Web 3 wallet functionality improved dramatically during this time, making it a seamless experience to connect your wallet to such marketplaces - that, along with another crypto bull-run has taken us to the point where some NFT's are selling for millions...the best example of this is the piece by Beeple.
His piece 'Everydays: The First 5000 Days' sold at auction for USD$69M.2018
Recently, there’s been a lot of attention regarding Bitcoins energy usage, and other blockchains like Ethereum have been caught up in the mix.
Digiconomist have captured some interesting data on this issue.
To understand the environmental impact, we must first understand ‘Proof-of work’ (PoW).
Both the Bitcoin and Ethereum blockchains are secured by the PoW consensus algorithm;
This algorithm solves the ‘double-spending problem’, an issue in the digital cash economy where the same set of funds are sent to two recipients at the same time.

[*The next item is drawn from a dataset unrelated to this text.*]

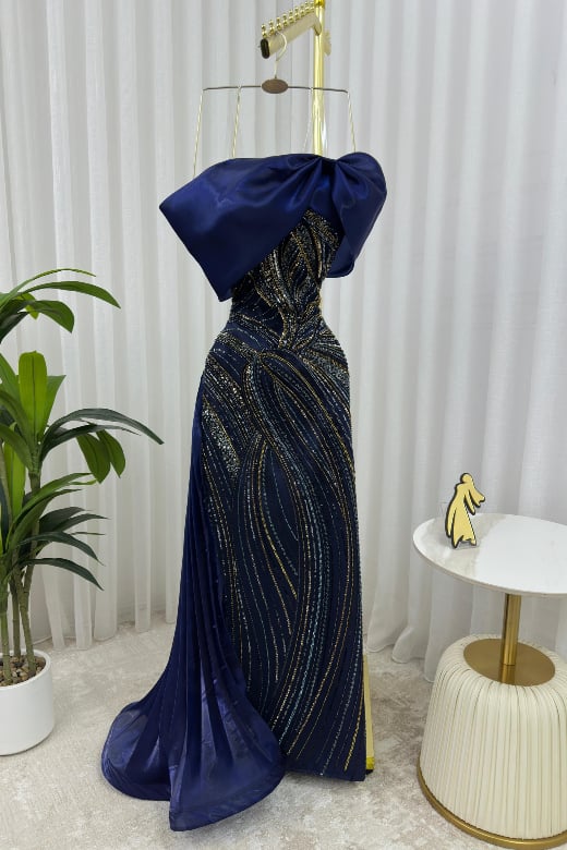 يتميز الفستان بتصميمه غير المتماثل بكتف واحد، حيث يزدان الكتف بقطعة ضخمة ومنحوتة من قماش الأورجنزا الفاخر، وتنسدل قطعة أخرى من الخصر لتضيف حجماً وحركة فنية للتصميم. الجزء العلوي من الفستان مزين بشك سهرة راقٍ يضيف لمسة من البريق الفاخر.

When transactions are sent between users, the decentralized ledger collects these transactions into blocks and miners then compete to validate the transactions using PoW. The first miner to solve the mathematical equation then posts the result to other nodes in the network and if the transaction receives approval (the nodes reach consensus), the block becomes validated and is added to the blockchain. For the computing power used to solve the problem, the miner receives rewards.
The computing power required to solve these mathematical problems has increased, as such, more energy is being consumed and it’s caught the attention of climate activists.
Tying this back to NFTs – The craze surrounding these tokens has resulted in an increase in transactions on the Ethereum blockchain, and as a result, more computing power is being used to validate transactions, thus causing an impact on the environment.
The debate will rage on in this regard, with opponents arguing that NFTs offer no value and thus anyone supporting it, is supporting the destruction of the environment, whilst proponents of Cryptocurrency will point out that many other industries, and bodies, like the U.S. Treasury, consume far more energy for their activities, like printing USD.
I’m not sure how long this NFT run will last but nonetheless, it’s fascinating to see.